Data Science Jobs Data Cleaning
First look at the raw data shows us that there are a lot of things needed to be able to use it. There are many columns that are not needed like the ‘index’ column.
There are also some columns that need to be cleaned up like the ‘salary’ column that has both numeric and string data.
First thing I did was drop 3 columns that I deemed to be irrelevant for the data set which were the ‘index’, ‘Founded’, and ‘Revenue’ columns.
After this I started cleaning the ‘Salary Estimate’ column by removing the unnecessary words like the ‘K’s and ‘glassdoor est’.
I then decided to drop two additional columns, the ‘Competitors’ column and the ‘ Salary Estimate’ column which we had just cleaned into a new column ‘Estimated Salary’.
Lastly I realized that all Null values were -1 on the data set. I changed this by replacing all -1 with null.
Here I made two functions, one would pull the city from the ‘location’ column, and the other would pull the state from the ‘location’ column. I then assigned these to two new columns titled ‘City’ and ‘State’
Lastly I dropped the column ‘Location’.
Here I decided to clean up the ‘Company Name’ Column. The column had the name of the column, followed by its rating. I wanted to remove the rating to just have the name.
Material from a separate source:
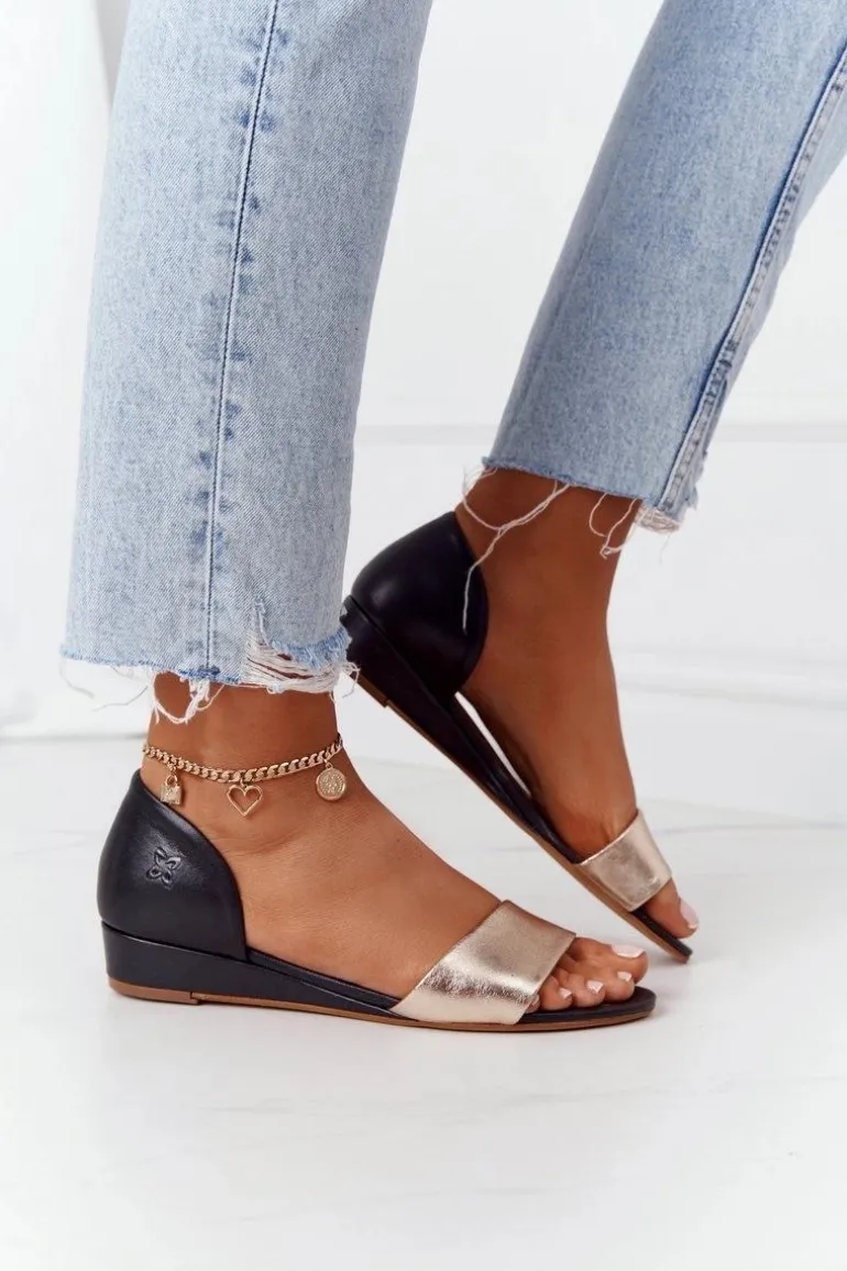 Skórzane Sandały Maciejka 1971-46 Czarno-Złote

To do this I found the index of the characters ‘/n’ that came before the rating. I then returned the string up until that index.
I followed that by dropping the original ‘Column Name’ column.
Finally I made a function that would look through the ‘Job Description’ column and return a 1 if it found a key-word. It would return 0 if it did not find that key-word in the description. I did this for every skill I believed could be needed for a data science job. Skills like ‘sql’, ‘python’, ‘machine learning’, and a few more. I then added those to their own columns at the end.